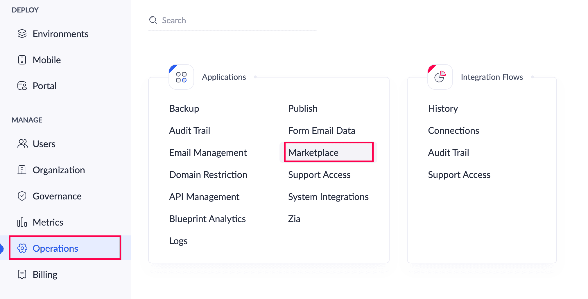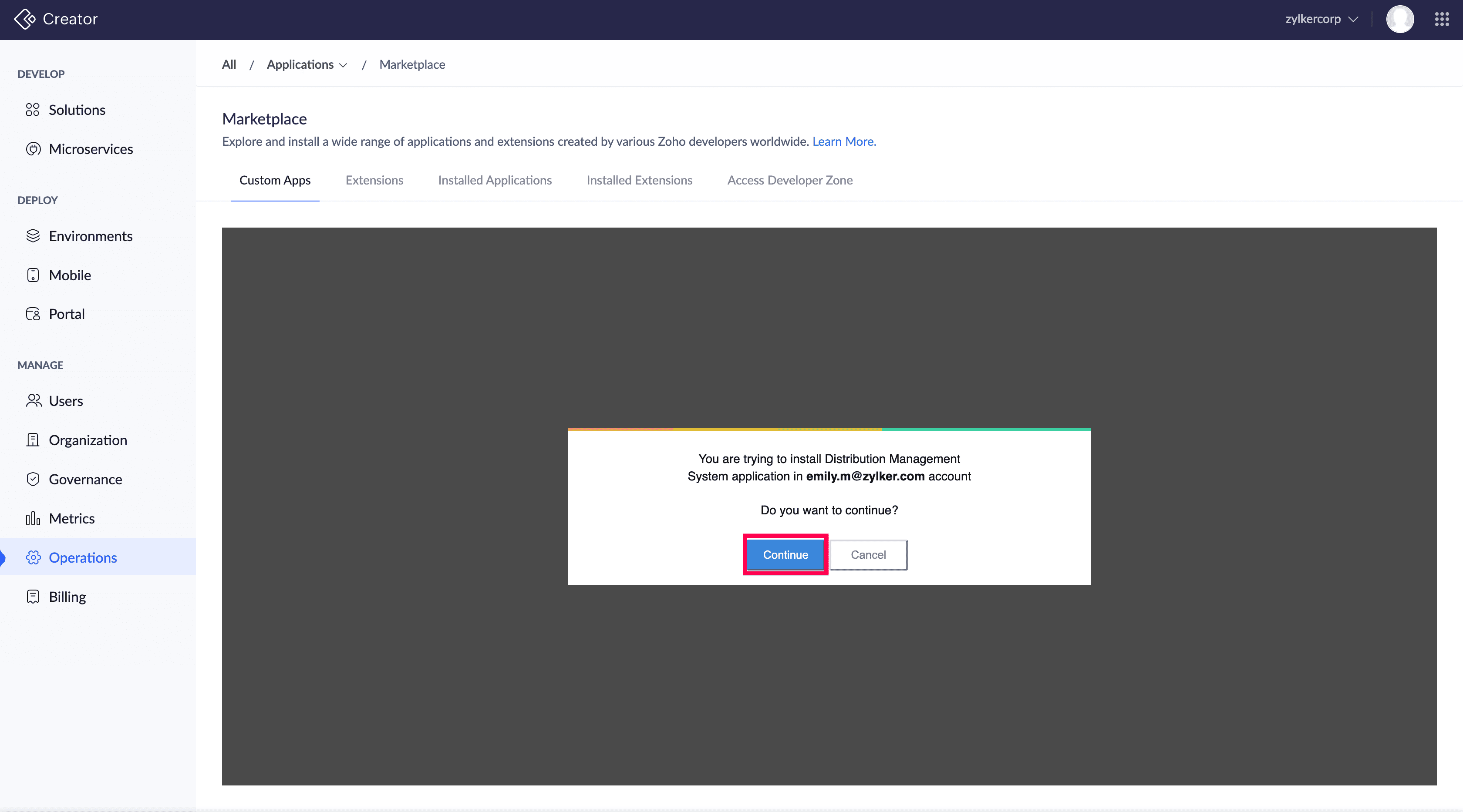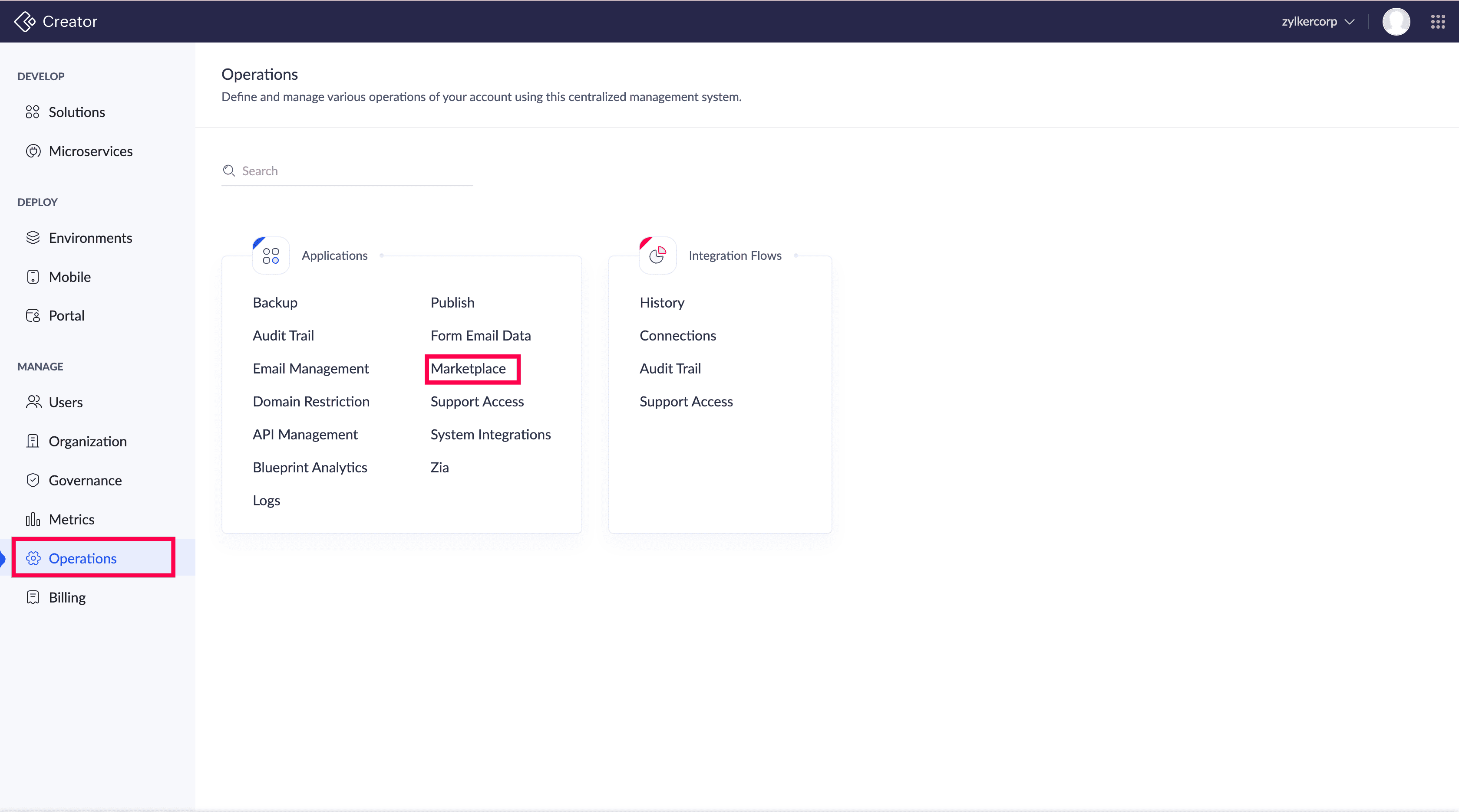CreatorアカウントでOperations > マーケットプレイスに移動します。
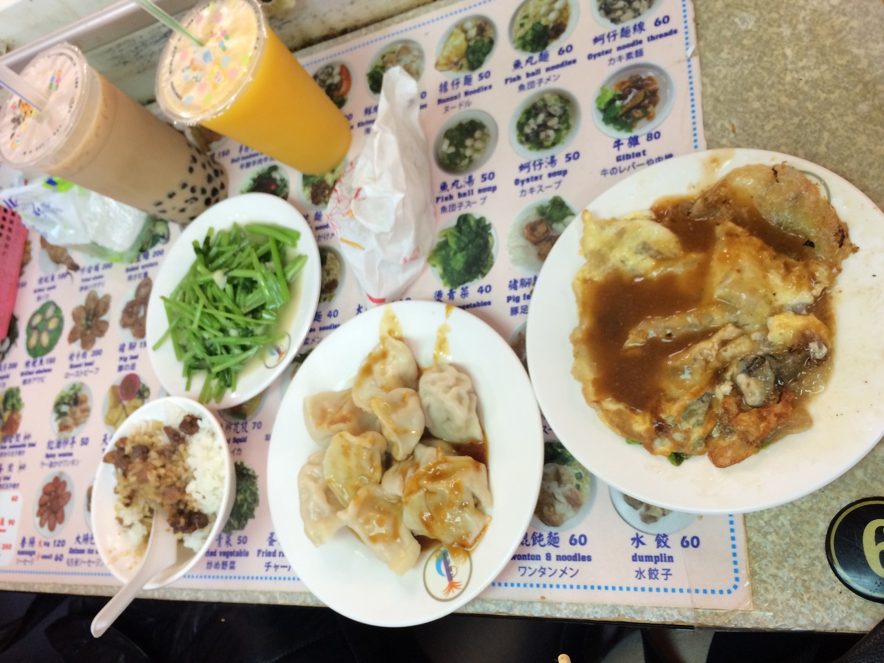 台湾グルメの楽しみの一つが安くて美味しい、種類豊富な夜市のごはんです。あいにくの雨でしたが、地下の店舗で快適にいただけました。ルーローハンや牡蠣入りたまごやき、青菜炒め、水餃子、果物のフレッシュジュースを食べましたが本当に早くて安くて美味しい!メニューがカタカナで書いてある店舗もあり、困らずに注文できました。
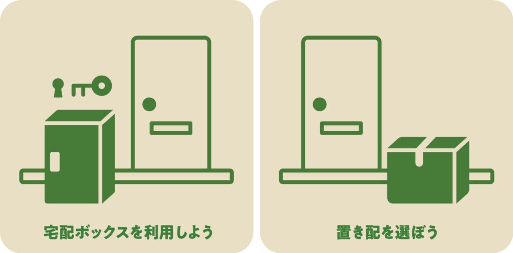 玄関先や車庫など指定された場所に荷物を置いてくれる「置き配」も再配達の防止に役立ちます。
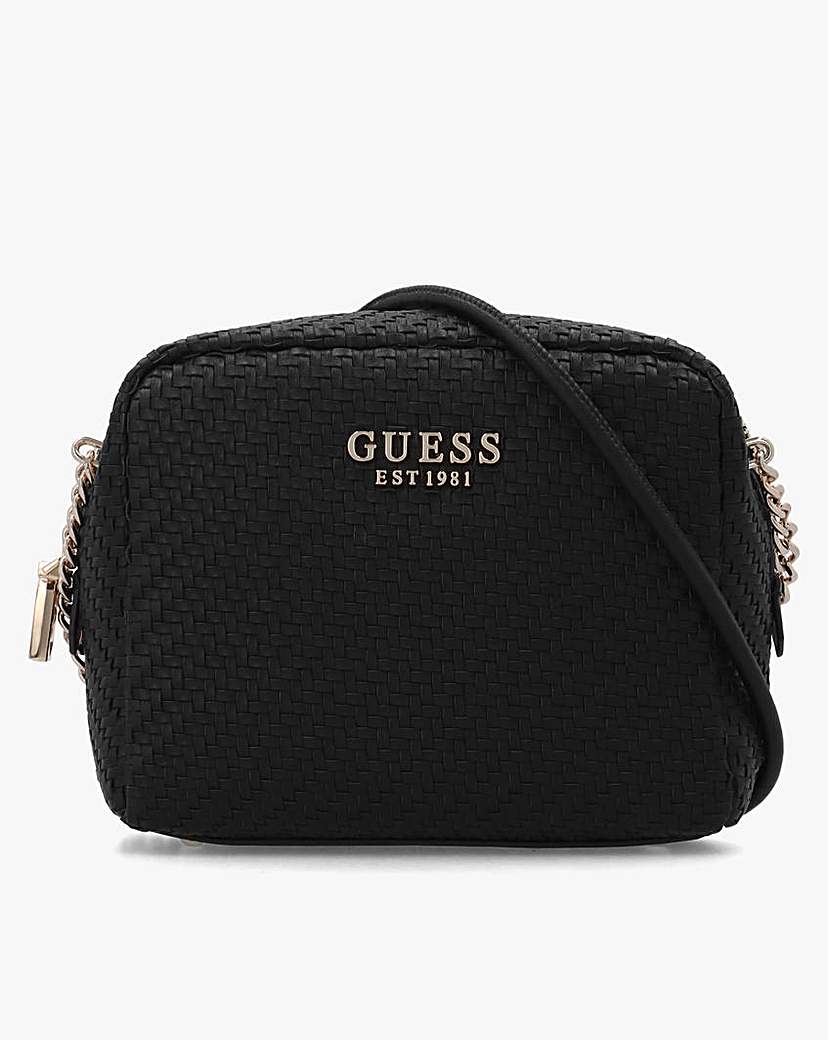 Guess Mirema Small Black Woven Cross-Body Camera Bag The Guess Mirema Small Black Woven Cross-Body Camera Bag is part of the New Season collection. A day to dark style in a chic woven design with polished gold tone accents. The secure top zip fastener allows access to the single main compartment with handy inner zipper and card slot pockets. Carry by the strap on the shoulder or across the body. Signature Guess branding completes the design. Technical information: Woven Design, Gold Tone Hardware, Top Zip Fastening, Single Main Compartment, Inner Zip & Slot Pockets, Long Strap, Guess Branding, Includes Dust Bag Dimensions: L19 x H15 x D7 CM
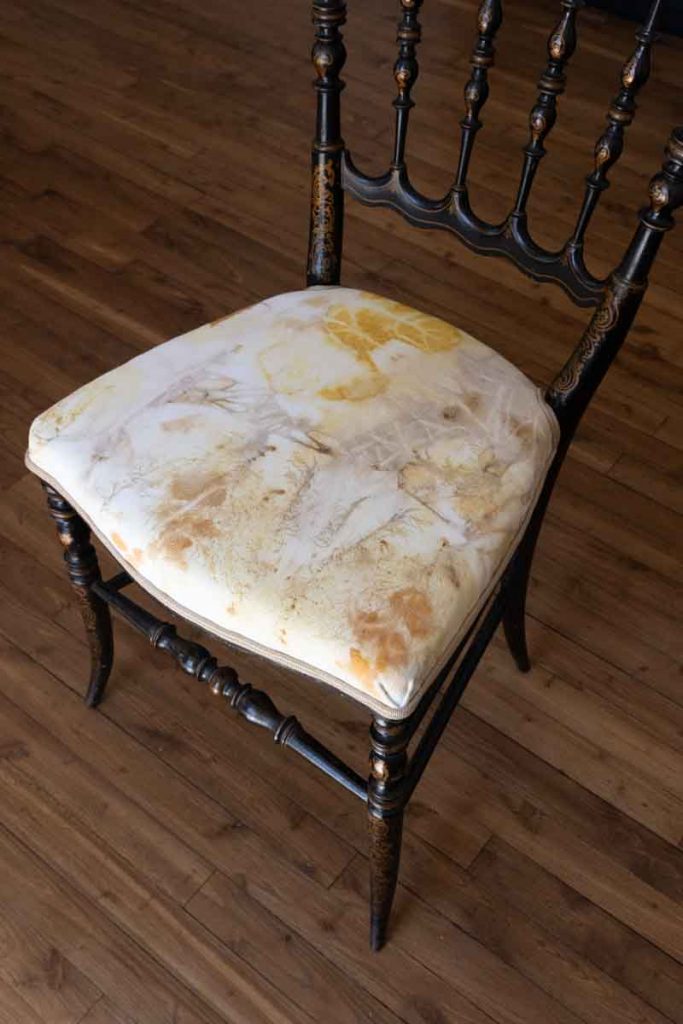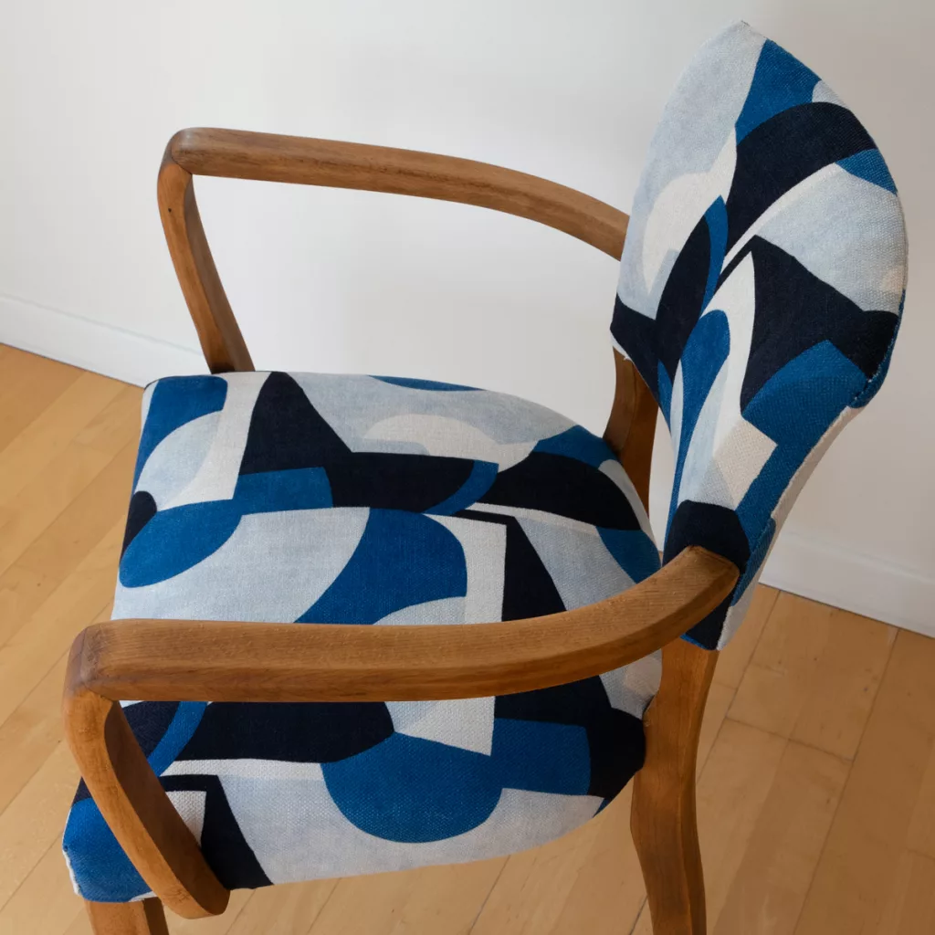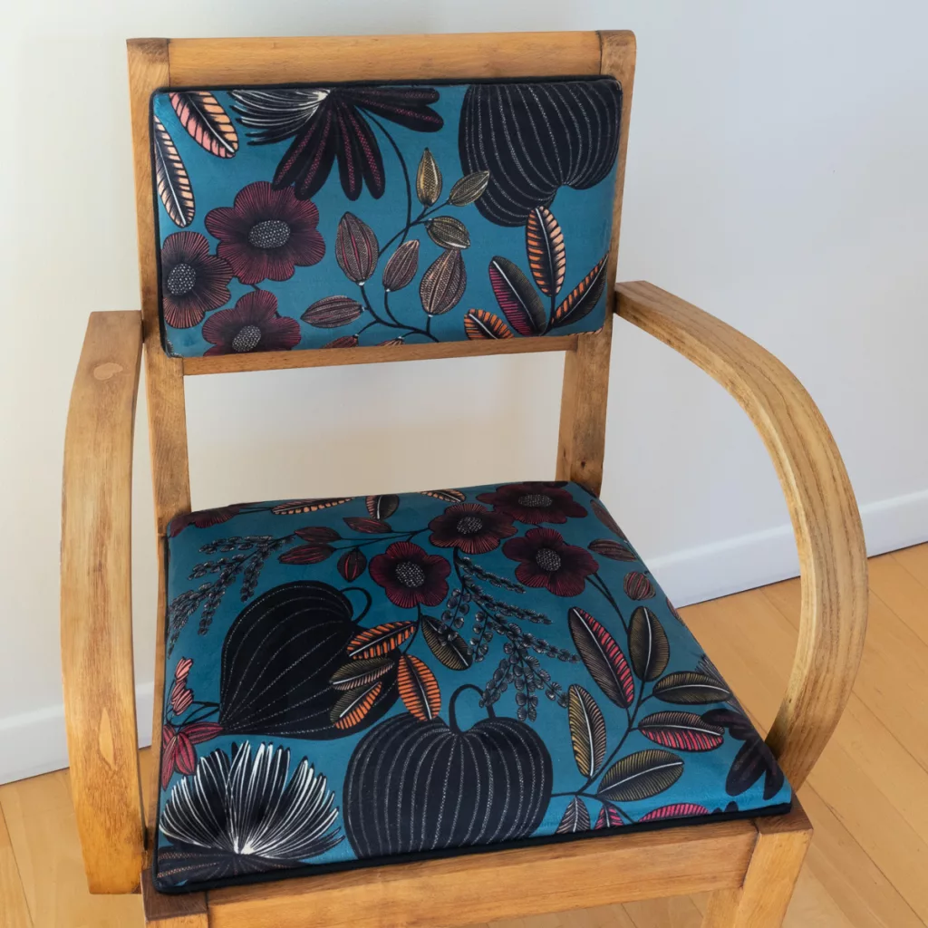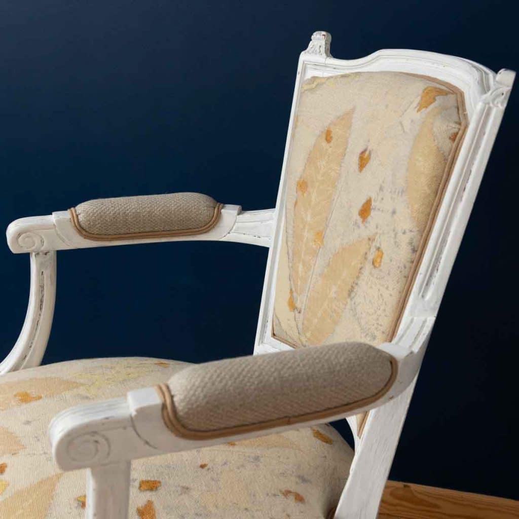 De temps en temps, je chine des sièges anciens que je restaure entièrement avec mes tissus en impression végétale ou des tissus d’éditeurs soigneusement sélectionnés.

################

Work to be completed. Copy all the records above exactly, but leave out the pictures.

Response to this exercise.
CreatorアカウントでOperations > マーケットプレイスに移動します。
 台湾グルメの楽しみの一つが安くて美味しい、種類豊富な夜市のごはんです。あいにくの雨でしたが、地下の店舗で快適にいただけました。ルーローハンや牡蠣入りたまごやき、青菜炒め、水餃子、果物のフレッシュジュースを食べましたが本当に早くて安くて美味しい!メニューがカタカナで書いてある店舗もあり、困らずに注文できました。
 玄関先や車庫など指定された場所に荷物を置いてくれる「置き配」も再配達の防止に役立ちます。
 Guess Mirema Small Black Woven Cross-Body Camera Bag The Guess Mirema Small Black Woven Cross-Body Camera Bag is part of the New Season collection. A day to dark style in a chic woven design with polished gold tone accents. The secure top zip fastener allows access to the single main compartment with handy inner zipper and card slot pockets. Carry by the strap on the shoulder or across the body. Signature Guess branding completes the design. Technical information: Woven Design, Gold Tone Hardware, Top Zip Fastening, Single Main Compartment, Inner Zip & Slot Pockets, Long Strap, Guess Branding, Includes Dust Bag Dimensions: L19 x H15 x D7 CM
 De temps en temps, je chine des sièges anciens que je restaure entièrement avec mes tissus en impression végétale ou des tissus d’éditeurs soigneusement sélectionnés.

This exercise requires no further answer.